**Your instructions**
Every line from the one holding "The Biasi-Shuma Memorial" through the one holding "两只黑天鹅游到岸边,仿佛在迎接远方的宾朋。" in the data below must be returned exactly, both ends included, with pictures left out and nothing else added.

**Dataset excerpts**

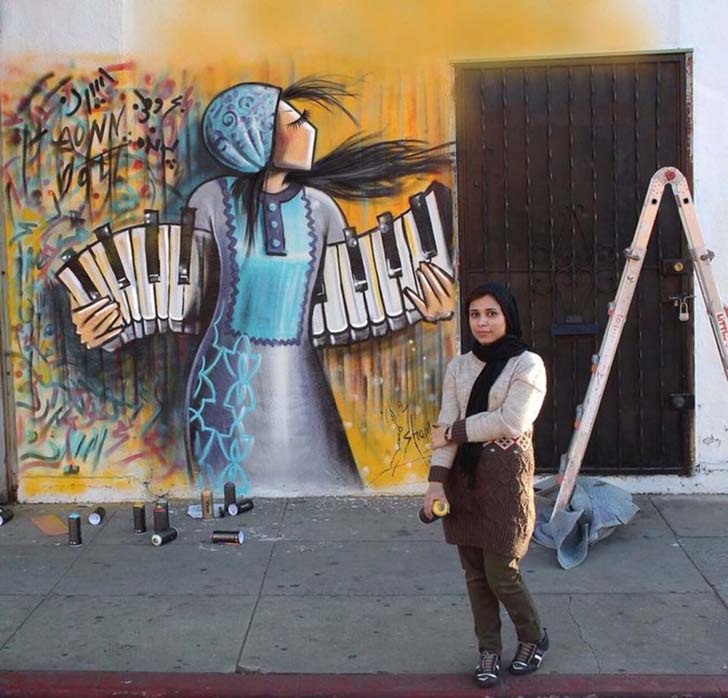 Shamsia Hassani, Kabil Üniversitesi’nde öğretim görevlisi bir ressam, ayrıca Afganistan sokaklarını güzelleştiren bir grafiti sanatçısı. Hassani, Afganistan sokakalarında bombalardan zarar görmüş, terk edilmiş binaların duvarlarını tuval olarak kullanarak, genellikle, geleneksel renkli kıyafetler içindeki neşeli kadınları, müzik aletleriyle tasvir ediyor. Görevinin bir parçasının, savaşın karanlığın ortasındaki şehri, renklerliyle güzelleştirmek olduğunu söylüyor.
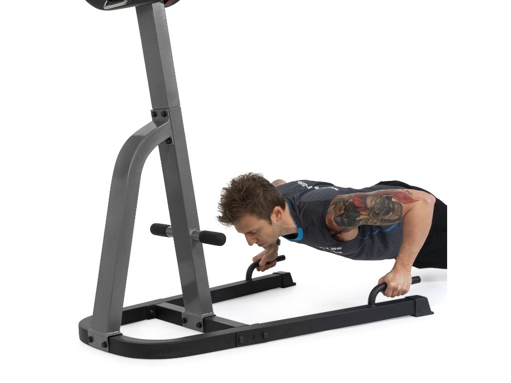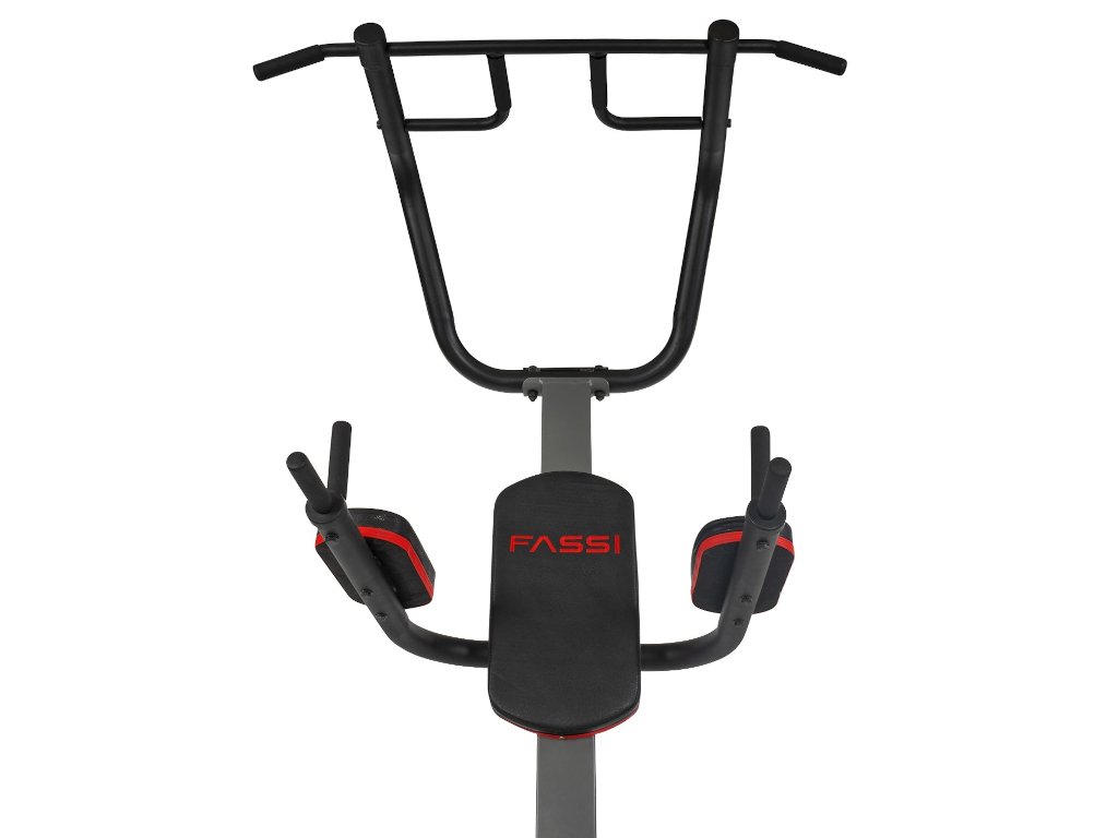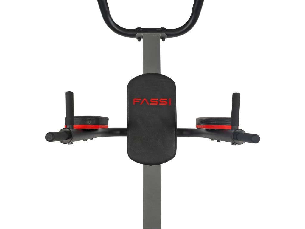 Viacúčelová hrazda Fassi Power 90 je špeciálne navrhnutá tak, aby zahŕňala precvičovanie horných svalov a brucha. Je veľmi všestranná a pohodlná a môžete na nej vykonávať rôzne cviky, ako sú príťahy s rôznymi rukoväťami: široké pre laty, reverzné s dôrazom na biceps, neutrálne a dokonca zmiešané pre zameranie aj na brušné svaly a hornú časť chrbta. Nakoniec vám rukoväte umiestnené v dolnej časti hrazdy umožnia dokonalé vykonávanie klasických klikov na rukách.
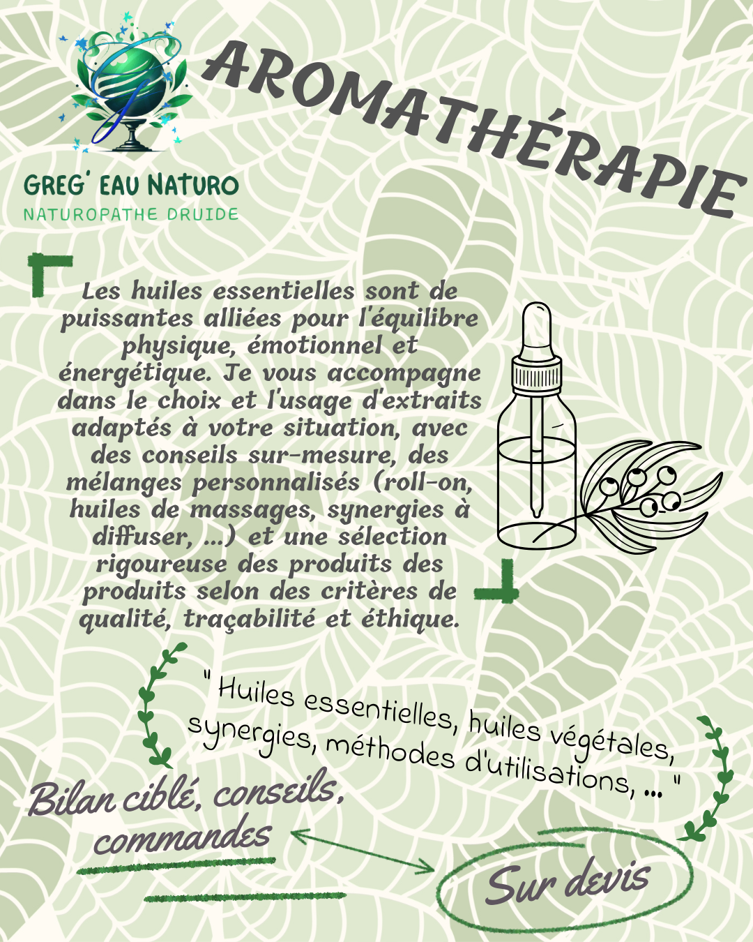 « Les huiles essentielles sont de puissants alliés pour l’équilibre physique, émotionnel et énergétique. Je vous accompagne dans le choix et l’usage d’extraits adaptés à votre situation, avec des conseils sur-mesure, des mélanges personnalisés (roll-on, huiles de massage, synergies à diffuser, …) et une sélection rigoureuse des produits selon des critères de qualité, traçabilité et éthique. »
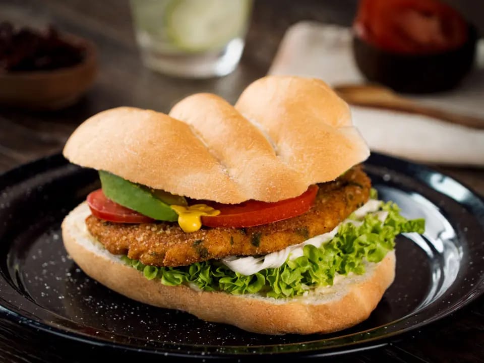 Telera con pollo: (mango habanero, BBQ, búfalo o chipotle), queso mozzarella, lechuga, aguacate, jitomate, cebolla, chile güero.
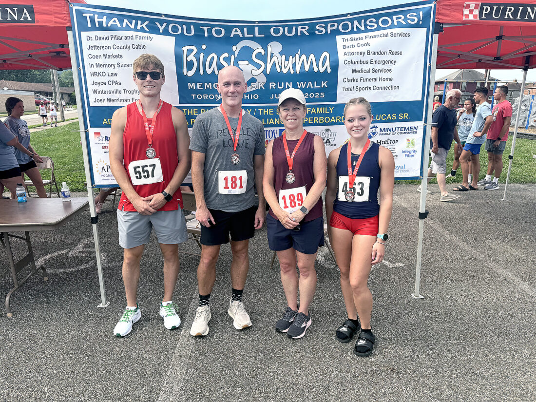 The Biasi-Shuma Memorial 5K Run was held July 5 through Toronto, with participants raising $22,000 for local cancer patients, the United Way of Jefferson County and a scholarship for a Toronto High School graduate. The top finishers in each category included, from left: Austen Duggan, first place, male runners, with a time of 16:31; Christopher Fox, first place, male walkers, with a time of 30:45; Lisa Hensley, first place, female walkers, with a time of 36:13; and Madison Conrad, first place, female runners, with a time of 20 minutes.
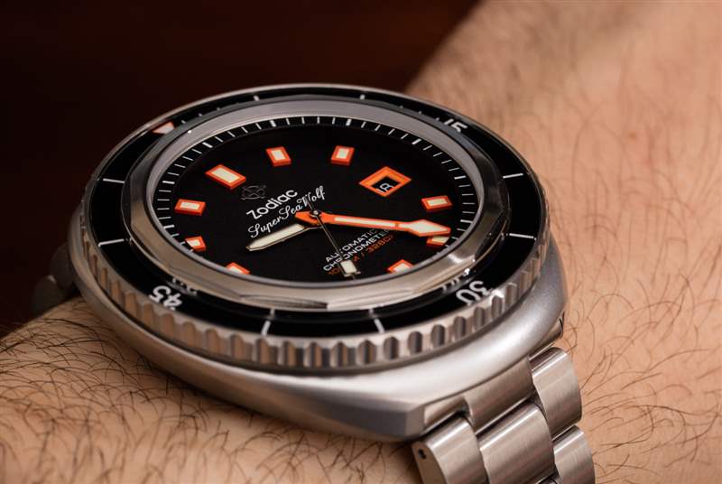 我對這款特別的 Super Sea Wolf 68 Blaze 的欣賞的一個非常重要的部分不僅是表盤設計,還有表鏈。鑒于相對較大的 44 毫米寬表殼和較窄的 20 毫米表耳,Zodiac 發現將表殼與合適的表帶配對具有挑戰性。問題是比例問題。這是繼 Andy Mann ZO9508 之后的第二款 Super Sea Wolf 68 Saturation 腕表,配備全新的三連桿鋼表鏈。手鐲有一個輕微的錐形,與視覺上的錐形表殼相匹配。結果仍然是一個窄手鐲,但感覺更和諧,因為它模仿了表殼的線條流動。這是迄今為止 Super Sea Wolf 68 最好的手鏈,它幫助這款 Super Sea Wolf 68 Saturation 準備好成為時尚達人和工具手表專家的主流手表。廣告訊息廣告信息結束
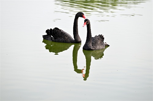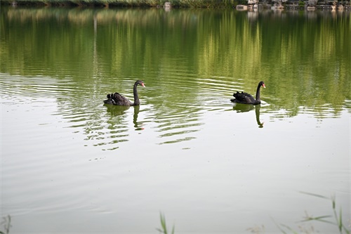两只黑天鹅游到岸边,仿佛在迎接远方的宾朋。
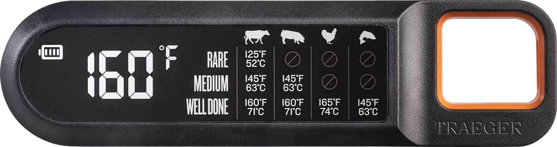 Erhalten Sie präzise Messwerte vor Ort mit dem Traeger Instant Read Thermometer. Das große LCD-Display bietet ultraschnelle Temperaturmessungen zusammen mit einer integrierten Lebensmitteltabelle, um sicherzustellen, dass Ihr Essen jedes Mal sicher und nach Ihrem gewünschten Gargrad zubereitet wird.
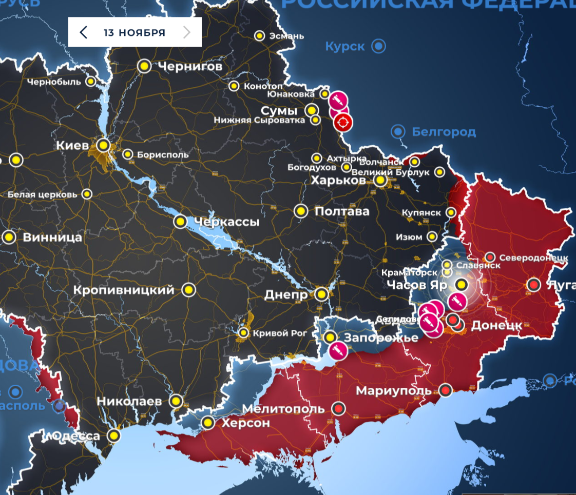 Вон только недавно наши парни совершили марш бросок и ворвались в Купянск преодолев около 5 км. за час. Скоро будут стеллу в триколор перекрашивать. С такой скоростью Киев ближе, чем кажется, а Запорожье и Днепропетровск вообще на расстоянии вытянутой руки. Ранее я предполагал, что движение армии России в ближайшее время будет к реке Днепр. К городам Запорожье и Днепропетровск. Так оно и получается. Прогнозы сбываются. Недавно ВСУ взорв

**Completed exercise**
 The Biasi-Shuma Memorial 5K Run was held July 5 through Toronto, with participants raising $22,000 for local cancer patients, the United Way of Jefferson County and a scholarship for a Toronto High School graduate. The top finishers in each category included, from left: Austen Duggan, first place, male runners, with a time of 16:31; Christopher Fox, first place, male walkers, with a time of 30:45; Lisa Hensley, first place, female walkers, with a time of 36:13; and Madison Conrad, first place, female runners, with a time of 20 minutes.
 我對這款特別的 Super Sea Wolf 68 Blaze 的欣賞的一個非常重要的部分不僅是表盤設計,還有表鏈。鑒于相對較大的 44 毫米寬表殼和較窄的 20 毫米表耳,Zodiac 發現將表殼與合適的表帶配對具有挑戰性。問題是比例問題。這是繼 Andy Mann ZO9508 之后的第二款 Super Sea Wolf 68 Saturation 腕表,配備全新的三連桿鋼表鏈。手鐲有一個輕微的錐形,與視覺上的錐形表殼相匹配。結果仍然是一個窄手鐲,但感覺更和諧,因為它模仿了表殼的線條流動。這是迄今為止 Super Sea Wolf 68 最好的手鏈,它幫助這款 Super Sea Wolf 68 Saturation 準備好成為時尚達人和工具手表專家的主流手表。廣告訊息廣告信息結束
两只黑天鹅游到岸边,仿佛在迎接远方的宾朋。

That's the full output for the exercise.